Abstract. To fill the gap between increasing demand for reconfigurability and performance efficiency, CGRAs are seen to be an emerging platform. In this paper, a new architecture, QUKU, is described which uses a coarse-grained reconfigurable PE array (CGRA) overlaid on an FPGA. The low-speed reconfigurability of the FPGA is used to optimize the CGRA for different applications, whilst the high-speed CGRA reconfiguration is used within an application for operator re-use. We will demonstrate the dynamic reconfigurability of QUKU by porting Sobel and Laplacian kernel for edge detection in an image frame.

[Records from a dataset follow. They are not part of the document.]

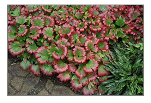
Karasuba Mukdenia

Karasuba Mukdenia features dainty spikes of white bell-shaped flowers rising above the foliage from early to mid spring. Its attractive glossy fan-shaped leaves emerge coppery-bronze in spring, turning dark green in color with prominent crimson tips throughout the season.
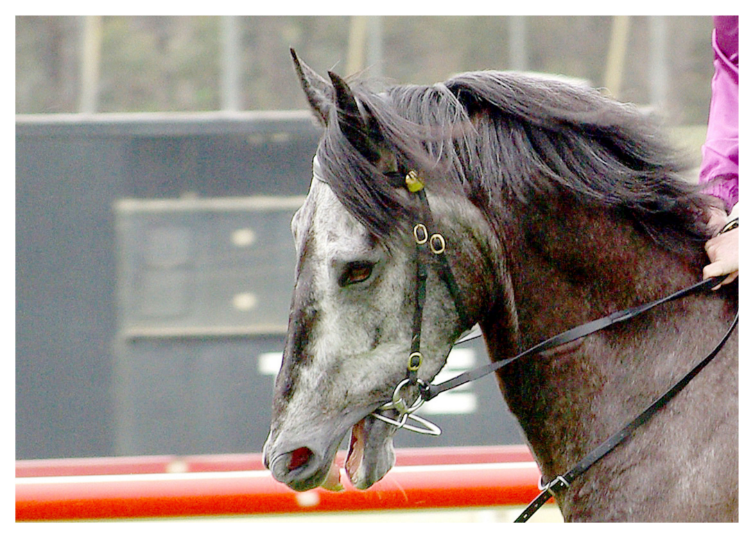
Figure 2. Image 2 for photo-elicitation interview.

Image 2 (Figure 2) shows a moving thoroughbred's head close up, as well as part of the jockey's hand and arm. The jockey holds close contact with the reins, and the horse's mouth is open.
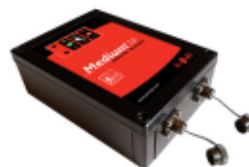
1 BOX antenna
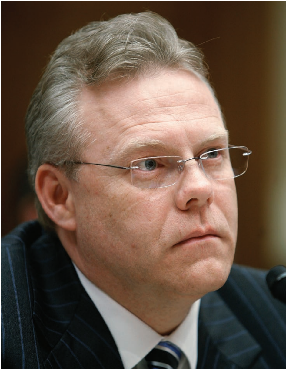
Chrysler CEO Tom W. LaSorda: “We’ll kick their ass.”

1 Introduction With the rapid emergence of multi-protocol standards, the need for a platform which is able to reconfigure itself rapidly and on the fly has grown tremendously. This situation demands a high level of flexibility, as seen in GPP (General Purpose Processor), performance and power efficiency. GPP has failed to show its mark in terms of processing efficiency. To fill the gap between flexibility and efficiency, several architectures have been proposed. Generally, ASICs are seen as the only low-power solution which can meet this demand for fast computational efficiency and high I/O bandwidth. However, the NRE cost of ASICs are a strong motivation for some sort of general purpose computing chip with better power efficiency than microprocessors. Recently, coarse grained reconfigurable architectures (CGRA) have been developed to bridge the gap between power-hungry microprocessors and single-purpose ASICs. Coarse-grained arrays have the advantages of power-efficiency for their intended application domain, and also they are designed with efficient implementation of dynamic reconfiguration supported in hardware and in design software. Furthermore, this dynamic reconfiguration can be very fast, since configuration codes are very short. But their use remains in question due to the lack of a well defined design flow and commercial availability. Traditionally, FPGAs have been thought of as a prototyping device for small scale

digital systems. However current generation mega-gate FPGA chips have changed this perception. FPGAs can be reconfigured for an unlimited number of times to implement any circuit. FPGAs have proved their usability in control intensive as well as computational intensive tasks. An attractive feature of FPGAs is the ability to partially and dynamically reconfigure the FPGA function. The next section gives a short overview of FPGA based reconfigurable architectures. Section 3 describes the QUKU architecture. Section 4 describes the run time reconfigurability of QUKU. Section 5 discusses the implementation results followed by conclusion.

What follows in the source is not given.